▶ [WHAT THE TASK REQUIRES]:
Nothing but the lines from the top of the data to the line holding "وقال الحلبوسي إن" should be printed, word for word and both ends included; leave the pictures out.

:: RECORDS FOR THE TASK

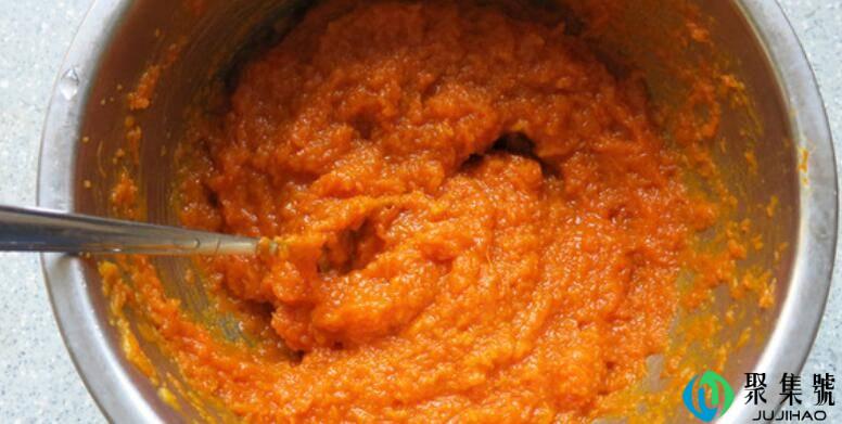 1、南瓜去皮去籽,切块上锅蒸熟,碾成泥。
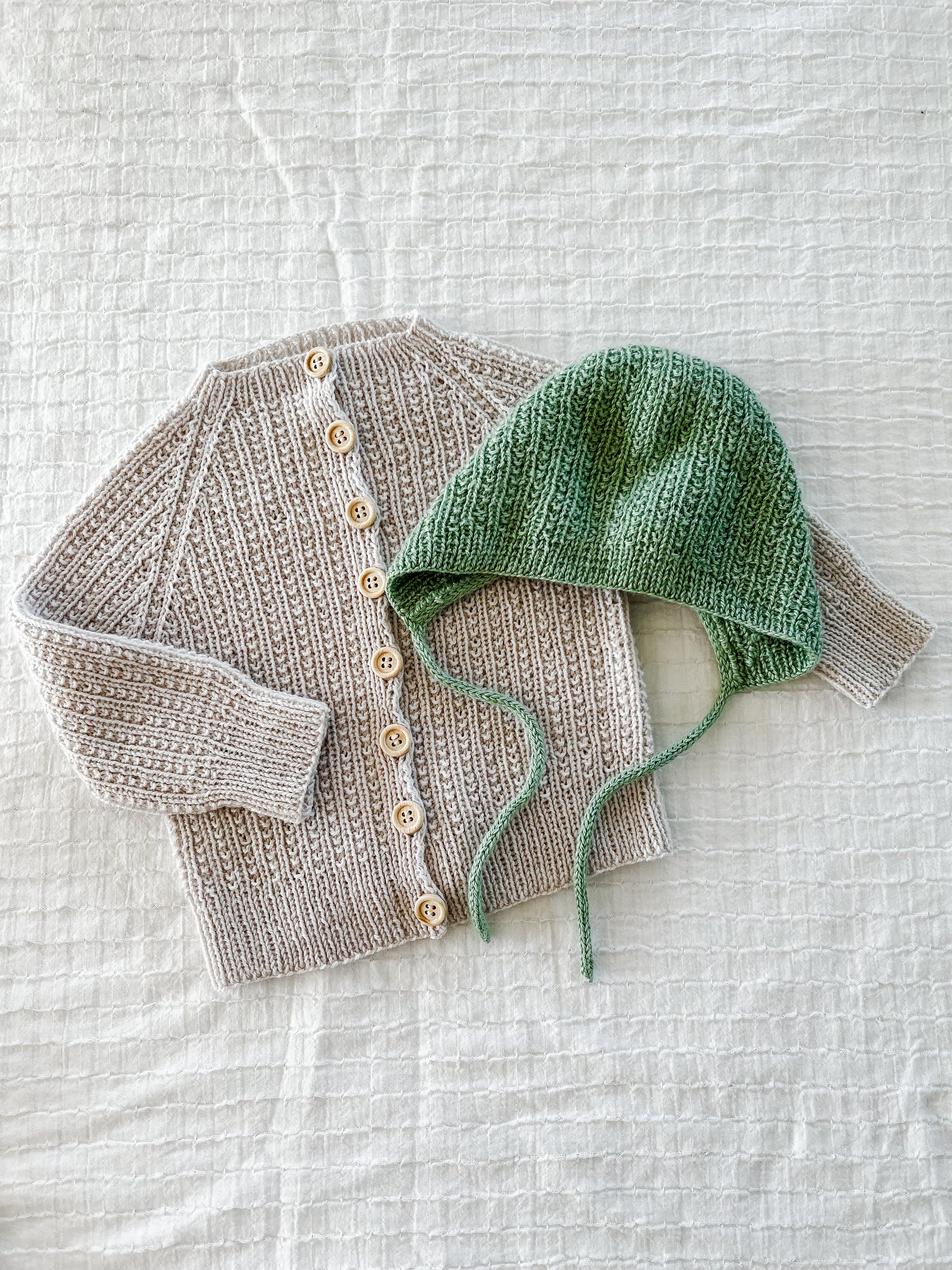 Strikkefasthet: 35 m pr. 10 cm i strukturmønster på pinne 3 mm
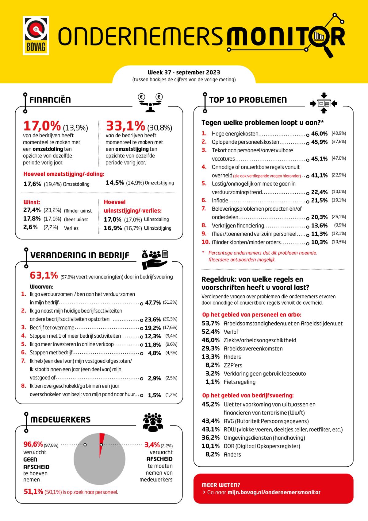 Het percentage BOVAG-ondernemers dat aangeeft last te hebben van onnodige of onwerkbare regels vanuit de overheid is sinds april zowat verdubbeld van 23 naar 41 procent. Dat blijkt uit de BOVAG Ondernemersmonitor van september 2023.
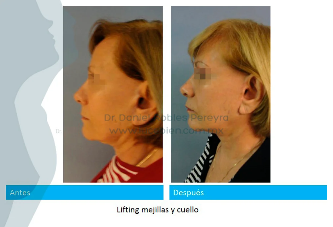 Un facelift completo mejora la tensión de la piel y las partes blandas de los dos tercios inferiores de la cara, de la zona de las ojeras , de las mejillas, y por debajo de la línea mandibular, mediante la remoción del exceso de grasa, tensionando el plano muscular descolgado y la readaptación de la piel a este nuevo contorno facial. Además de poder dar volumen perdido a ciertas zonas de la cara que así lo requiriesen. Por ejemplo: mentón, pómulos, labios, surcos nasales, sienes ( fosas temporales) mediante la transferencia de grasa a la cara, además de poder incluir en la cirugía a parpados y cejas como una extensión de la cirugía de rejuvenecimiento cervicofacial.
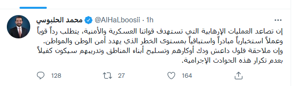 وقال الحلبوسي إن "تصاعد العمليات الإرهابية التي تستهدف قواتنا العسكرية والأمنية، يتطلب رداً قوياً وعملاً استخبارياً مبادراً واستباقياً بمستوى الخطر الذي يهدد أمن الوطن والمواطن".
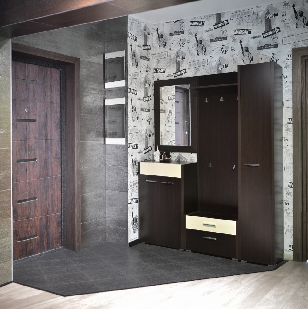 Мебель для прихожей владельцы поначалу хотели подобрать черно-белую, но потом остановились на темно-коричневой с глянцевыми сливочными акцентами- она идеально вписалась по своим габаритам.
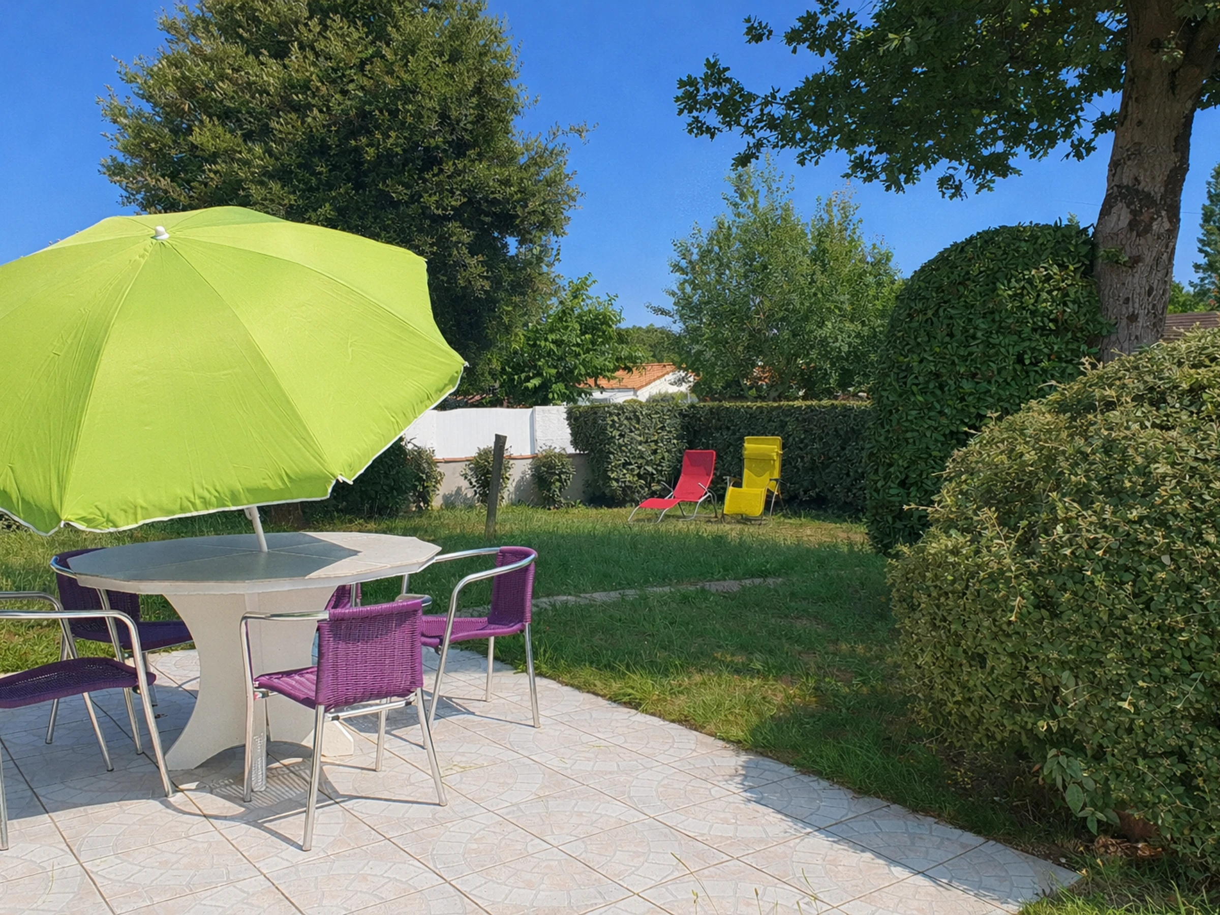 Confortable casa situada a 600 m de la playa y 1800 m del centro del pueblo. Consta de: Cocina equipada (4 fuegos de gas, microondas, frigorífico con sección de conservas, horno de gas, lavavajillas) abierta al salón con televisión - Un dormitorio con cama de matrimonio (160 cm) con baño contiguo al agua (ducha, lavabo sobre mueble) y Otros dos dormitorios con cama doble cada uno (140 cm) - 2.º baño con ducha y lavabo sobre mueble - WC - Trastero con lavadora - Jardín con terraza bajo toldo, muebles de jardín y barbacoa - Servicio de limpieza para el inquilino. Ropa de hogar no incluida, alquiler posible a través de nuestro socio, contáctenos. Calefacción del 1 de octubre al 31 de mayo además según lectura del contador. Alquiler de wifi posible con caja 5G: 40 €/semana

::::

▶ [SOLUTION FOR THIS PROBLEM]:
 1、南瓜去皮去籽,切块上锅蒸熟,碾成泥。
 Strikkefasthet: 35 m pr. 10 cm i strukturmønster på pinne 3 mm
 Het percentage BOVAG-ondernemers dat aangeeft last te hebben van onnodige of onwerkbare regels vanuit de overheid is sinds april zowat verdubbeld van 23 naar 41 procent. Dat blijkt uit de BOVAG Ondernemersmonitor van september 2023.
 Un facelift completo mejora la tensión de la piel y las partes blandas de los dos tercios inferiores de la cara, de la zona de las ojeras , de las mejillas, y por debajo de la línea mandibular, mediante la remoción del exceso de grasa, tensionando el plano muscular descolgado y la readaptación de la piel a este nuevo contorno facial. Además de poder dar volumen perdido a ciertas zonas de la cara que así lo requiriesen. Por ejemplo: mentón, pómulos, labios, surcos nasales, sienes ( fosas temporales) mediante la transferencia de grasa a la cara, además de poder incluir en la cirugía a parpados y cejas como una extensión de la cirugía de rejuvenecimiento cervicofacial.
 وقال الحلبوسي إن "تصاعد العمليات الإرهابية التي تستهدف قواتنا العسكرية والأمنية، يتطلب رداً قوياً وعملاً استخبارياً مبادراً واستباقياً بمستوى الخطر الذي يهدد أمن الوطن والمواطن".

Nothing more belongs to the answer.